National Lawyer’s Guild Endorses End to Cannabis Prohibition

The National Lawyer’s Guild has released a new report declaring their support for cannabis legalizatNLGLogoBlack-001ion, and denouncing government tactics used to enforce prohibition – including those in law enforcement and private prison industries who are profiting from the war on marijuana. The report, titled “High Crimes: Strategies to Further Marijuana Legalization Initiatives”, makes several suggestions including supporting states’ rights to regulate cannabis use, reclassifying pot for medical research, and challenging world drug treaties.

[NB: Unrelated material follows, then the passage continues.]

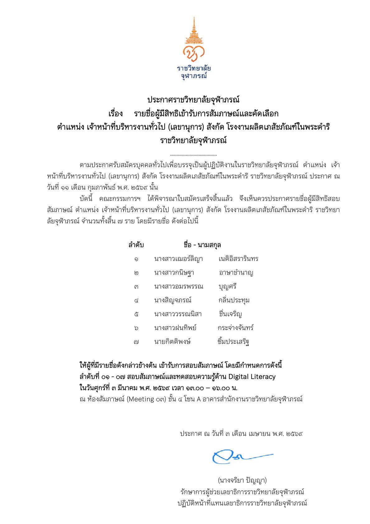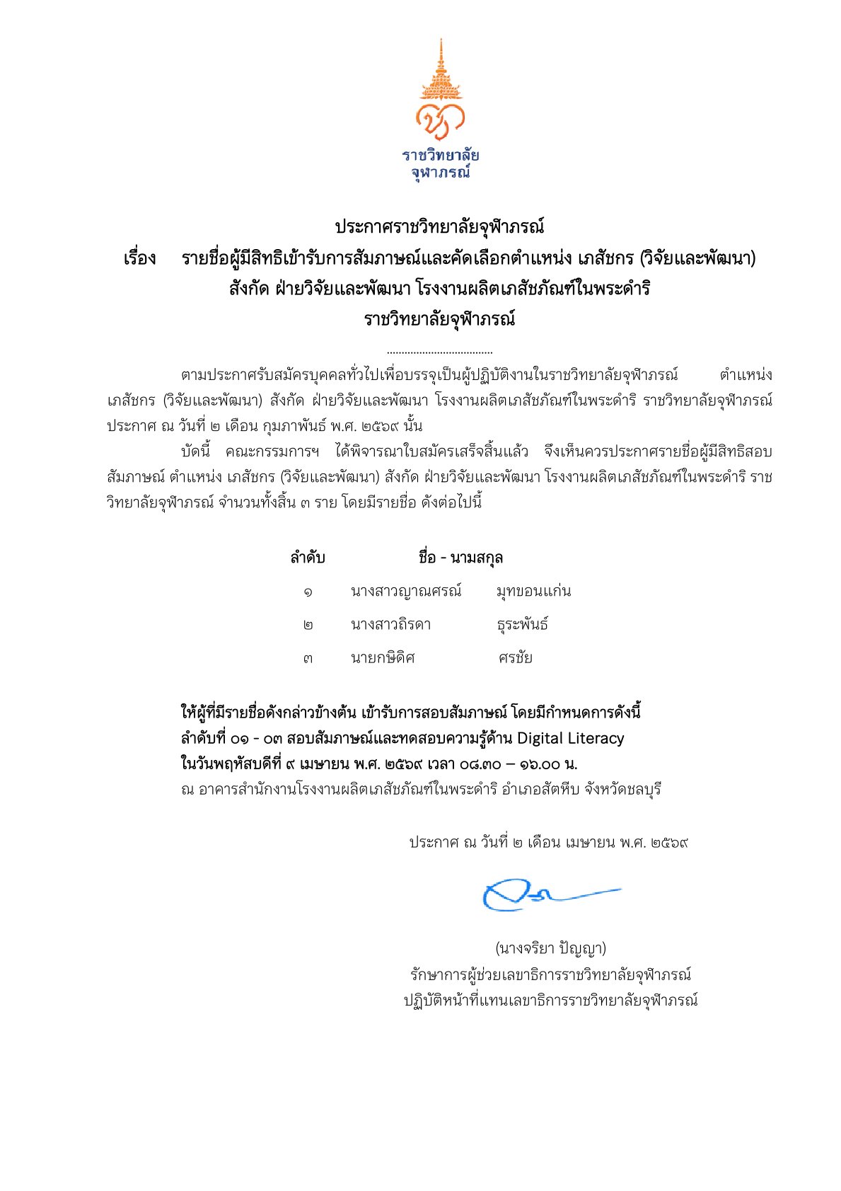ประกาศรายชื่อผู้มีสิทธิเข้ารับการสัมภาษณ์และคัดเลือก ตำแหน่ง เภสัชกร (วิจัยและพัฒนา) สังกัด ฝ่ายวิจัยและพัฒนา โรงงานผลิตเภสัชภัณฑ์ในพระดำริ ราชวิทยาลัยจุฬาภรณ์

The report’s “Summary of Recommendations” is listed below:

Summary of Recommendations

 

1. Reframe drug use as a social and public health issue and not a criminal justice problem. Research shows that punitive criminal justice drug policies do not decrease drug use. Legalization advocates should therefore push for harm-reduction strategies to address healthrelated drug problems and work to increase government funding for treatment and education.

 

2. Revisit drug treaties to challenge the punitive international drug policy framework. The US government has cited international drug treaties to justify its challenges to state-level marijuana legalization. These conventions should instead be amended to reflect the current shift toward decriminalization in the United States, Europe, Australia, and Latin America.

 

3. Reclassify marijuana from its current status as a Schedule I substance. Mounting scientific and anecdotal evidence supports the therapeutic benefits of marijuana, yet the US government continues to insist that cannabis is a dangerous drug with no proven medical applications. Rescheduling cannabis would allow for expanded medical research and use under international law.

 

4. Support the right of states to legalize medical and/or recreational marijuana for adult use without federal interference or sanctions. Advocates of medical and recreational adult use cannabis should continue to work on state legalization initiatives through referenda where possible and legislation where necessary. These efforts should be accompanied by support for federal marijuana bills currently under consideration.

 

5. End the practice of civil asset forfeiture by law enforcement agencies. Seizures made during drug arrests lead to skewed police priorities, unjust treatment of drug offenders, the militarization of US police departments, and increased police corruption. Interim solutions include reassigning seizure money to a general fund and making forfeiture laws require criminal convictions before enabling the government seizure of any property.

 

6. Connect legalization efforts to the abolishment of the for-profit prison industry, which benefits from growing levels of incarceration. These measures include repealing harsh mandatory minimum sentences, challenging exploitative prisoner work programs, and releasing nonviolent drug offenders into community alternatives to incarceration or on the basis of time served.

 

Ending cannabis prohibition offers multiple benefits. Legalization would transform the marijuana industry from a violent illicit market into a stable regulated one. It would significantly reduce infringements on civil liberties and lower arrest and incarceration rates. Changing marijuana’s criminal status would reduce current law enforcement costs and protect people from entering the criminal justice system. Finally, legalization would remove restrictions currently impeding the study of medical marijuana and allow more users to acquire treatment if necessary.

 

The time has come to replace the drug war rhetoric with sound economic, criminal justice, and public health policies. Studies show that higher drug use is strongly correlated to income inequality, and that socioeconomic disparities and differential access to social support networks tend to be better indicators of drug use than existing drug laws and policies. Consequently, the NLG encourages policy makers and advocates to recognize that harmful drug use must be understood within the context of broader social and economic factors.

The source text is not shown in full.